Des Weiteren ist der Arbeitgeber für die Organisation der Prüfung der Arbeitsmittel auf sicheren Betrieb und für die korrekte Dokumentation verantwortlich. Auf Basis der Gefährdungsbeurteilung legt er Art, Umfang und Fristen für erforderliche Prüfungen von Arbeitsmitteln fest.
Die Arbeitsmittel selbst, ob bereitgestellt durch den Vermieter des Coworking Spaces oder den Arbeitgeber, werden gemäß DGUV-Vorschrift 3, der Betriebssicherheitsverordnung (BetrSichV), konkretisiert durch die TRBS 1201, sowie nach den jeweils anzuwendenden VDE-Normen (z. B. DIN VDE 0702) geprüft. Der Arbeitgeber hat sich außerdem zu vergewissern, dass die ihm durch den Vermieter bereitgestellten Arbeitsmittel für den jeweiligen Einsatzzweck geeignet und geprüft sind. Dies kann er sich vom Vermieter bestätigen lassen. Zudem sollte der Benutzer vor der Verwendung von Arbeitsmitteln diese auf offensichtliche Mängel und Schäden begutachten.
Durch die fortschreitende Digitalisierung und Vernetzung von Arbeitsmitteln muss besonders bei vernetzten Geräten, wie etwa den Internet of Things-Geräten (IoT), sowie die Integration intelligenter Arbeitsplatzlösungen noch stärker auf Datensicherheit geachtet werden.
Fazit
Beide Parteien, der Vermieter des Coworking Spaces und der Arbeitgeber des Mitarbeiters, der diesen Coworking Space nutzt, haben aus elektrotechnischer Sicht entsprechende Pflichten zu erfüllen.

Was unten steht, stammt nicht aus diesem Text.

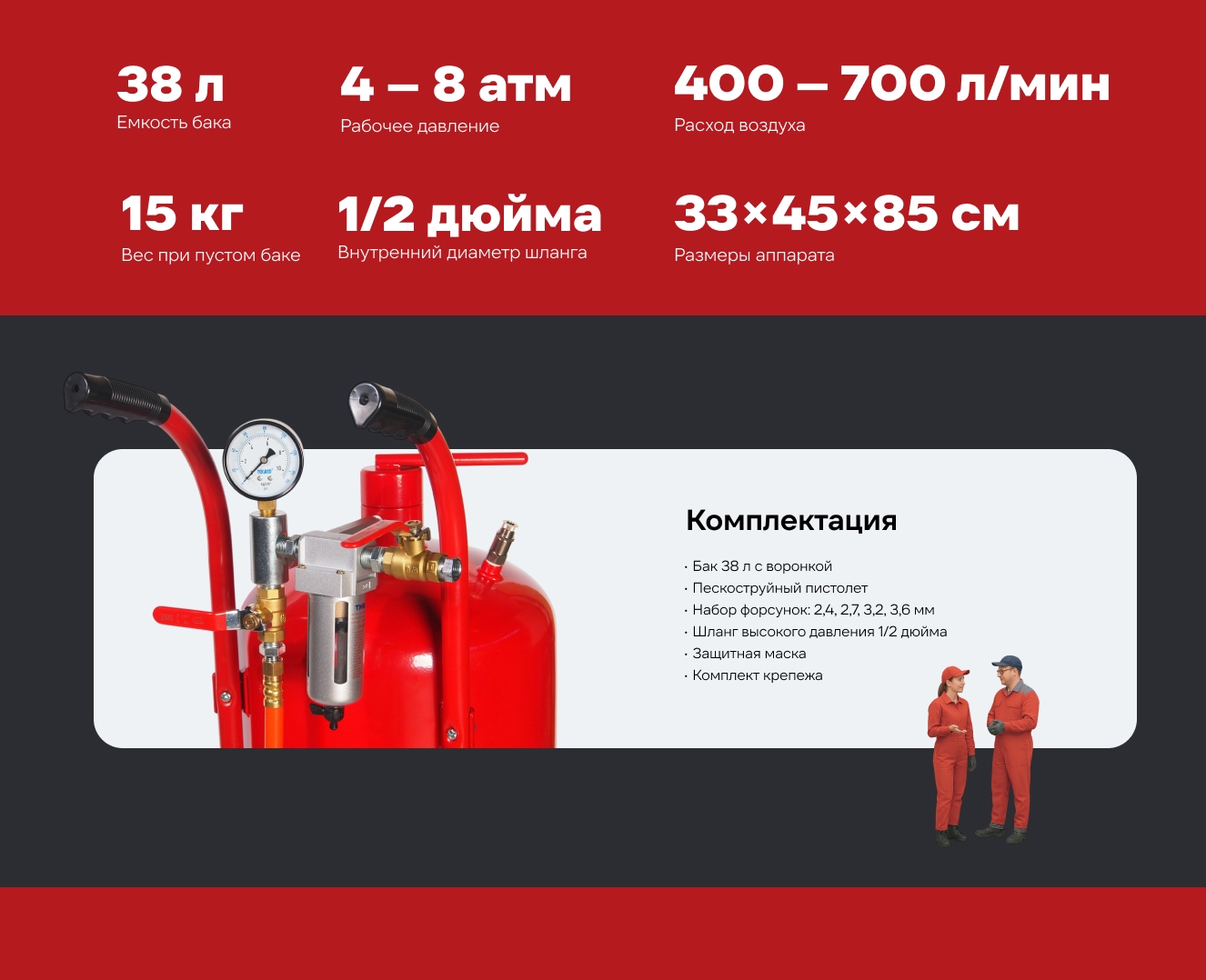 Пескоструйный аппарат JTC шланг 1/2, макс. давление 250 PSI, объем 38 л JTC-5324 является незаменимым помощником в производственных цехах и автосервисах. Резервуар модели имеет специальное покрытие, которое защищает оборудование от влияния коррозии и гарантирует долгий срок службы. Диапазон рабочего давления составляет от 65 до 125 фунтов на квадратный дюйм, что способствует высокой эффективности и производительности. Специальные ручки обеспечивают маневренность и легкость управления.

Der Vermieter ist gesetzlich verpflichtet, die Mietsache in einem zum vertragsmäßigen Gebrauch geeigneten Zustand zu überlassen und zu erhalten. Nachweise für durchgeführte Prüfungen, sowie ein entsprechendes Instandhaltungsmanagement dienen dabei als Belege. Der Arbeitgeber ist verpflichtet, bei der Auswahl des angemieteten Arbeitsumfeldes die tatsächliche Eignung und die Arbeitsschutzaspekte zu überprüfen und gegebenenfalls bestätigen zu lassen. Außerdem muss er die Arbeitsmittel, die er seinen Mitarbeitern zur Verfügung stellt, geeignet auswählen, von einer „Zur Prüfung befähigten Person“ nach TRBS 1203 prüfen lassen und für deren fachgerechte Instandhaltung sorgen.